Niemand, der wenigstens halbwegs bei Verstand ist, will Krieg führen. Wäre ich begeistert, wenn einer meiner Söhne später Soldat werden möchte? Wohl nur verhalten, wenngleich ich es akzeptieren würde. Nicht, dass er seinem Land dienen möchte, würde mich stören, sondern dass er es für ein Land tun müsste, dessen Bevölkerung den Wert eines solchen Dienstes schlicht ignoriert, und dessen Regierende unwillig oder unfähig sind, die Sicherheit Deutschlands und seiner Verbündeten überzeugend zu organisieren.




Warum soll man sich denn anstrengen?

Gespräch mit dem Leiter eines der nach PISA-Erfordernissen besten Gymnasien Nordrhein-Westfalens. Er erzählt mir, dass seit Bekanntwerden der hohen Leistungsstandards seiner Schule die Zahl der jährlichen Neuanmeldungen stagniert. Viele Eltern würden nämlich sagen: Da werden unsere Kinder zu sehr gefordert, auf der Schule ist es zu anstrengend – und melden ihre Kinder dann auf Schulen an, wo es vermeintlich leichter ist, einen Abschluss zu erhalten.

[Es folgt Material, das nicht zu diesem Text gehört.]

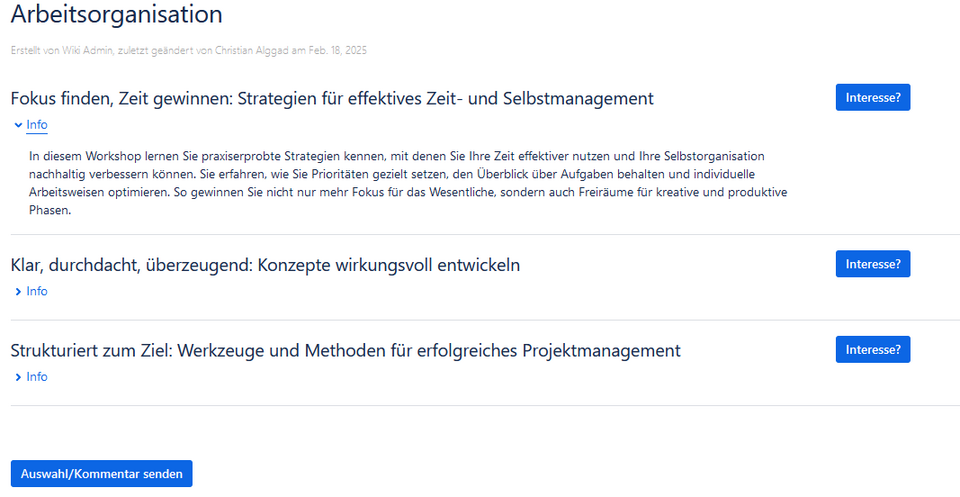 Unter den 6 Kategorien (unten links) verbergen sich Vorschläge für konkrete Workshops, die im nächsten Semester angeboten werden können. Eine kurze Beschreibung gibt es als Klapptext über den Button „Info“ (unten rechts in der Kategorie „Arbeitsorganisation“). Mit einem Klick auf den Interesse-Button ist eine Stimme für den jeweiligen Workshop abgegeben.
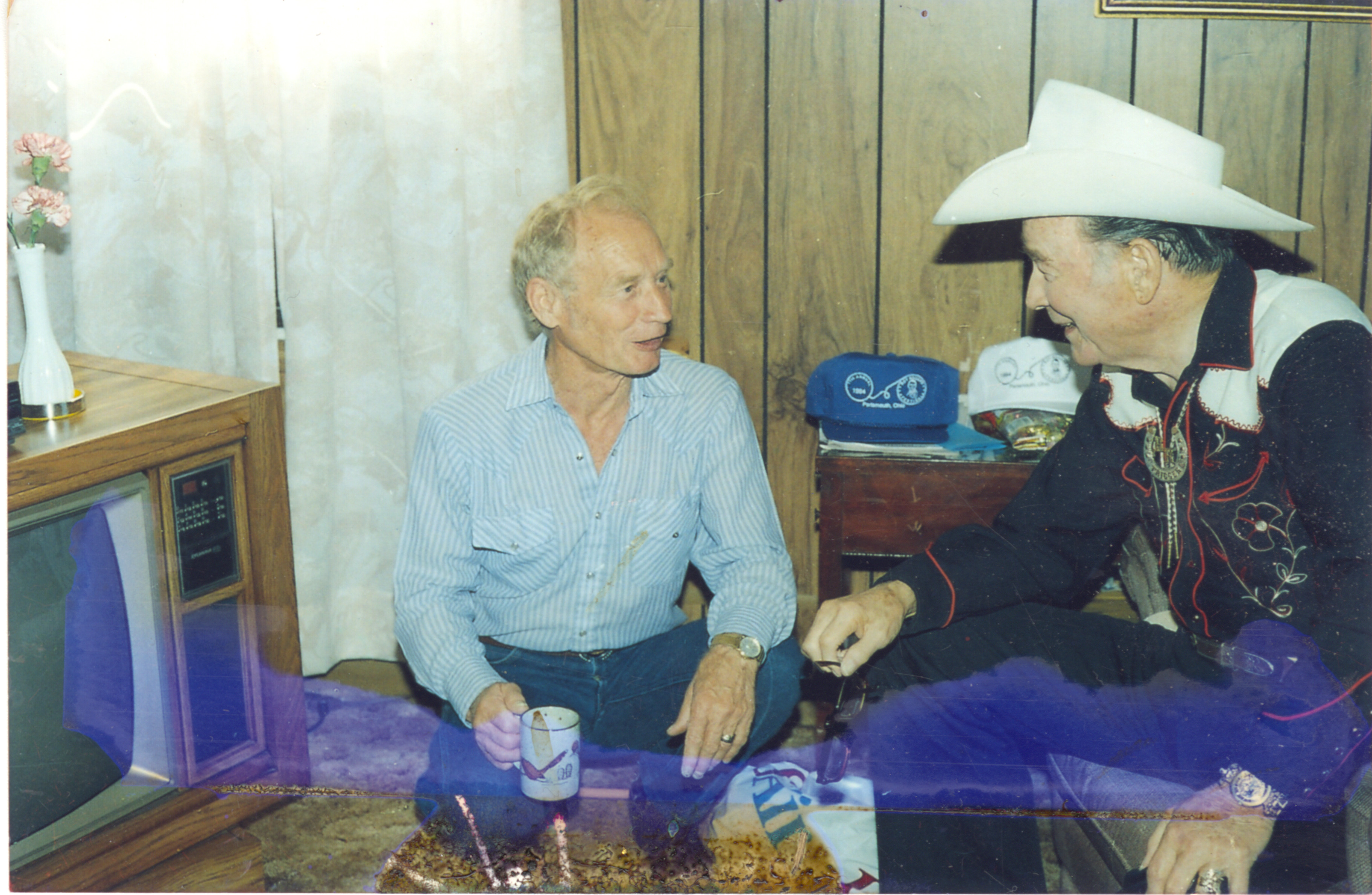 - Color photo of Roy Rogers (right) visiting friend in Portsmouth area.

Eine kleine Geschichte, die ich Ihnen erzähle, weil sie symptomatisch für den Zustand unseres Landes ist. Ja, es geht uns gut, besser als den allermeisten Menschen auf diesem Planeten. Deutschland brummt, die Wirtschaft schreib Rekordumsätze und Gewinne. Aber offenbar ist einem großen Teil der Bevölkerung gar nicht klar, was die Grundlagen unseres Wohlstands sind: Wissen und Fleiß. Wenn das nicht mehr gepflegt wird, ist es irgendwann vorbei mit diesem Lebensstandard. Und dann wird das Gejammer groß sein, größer noch als heutzutage im bereits jetzt schlechtgelauntesten Volk der Erde.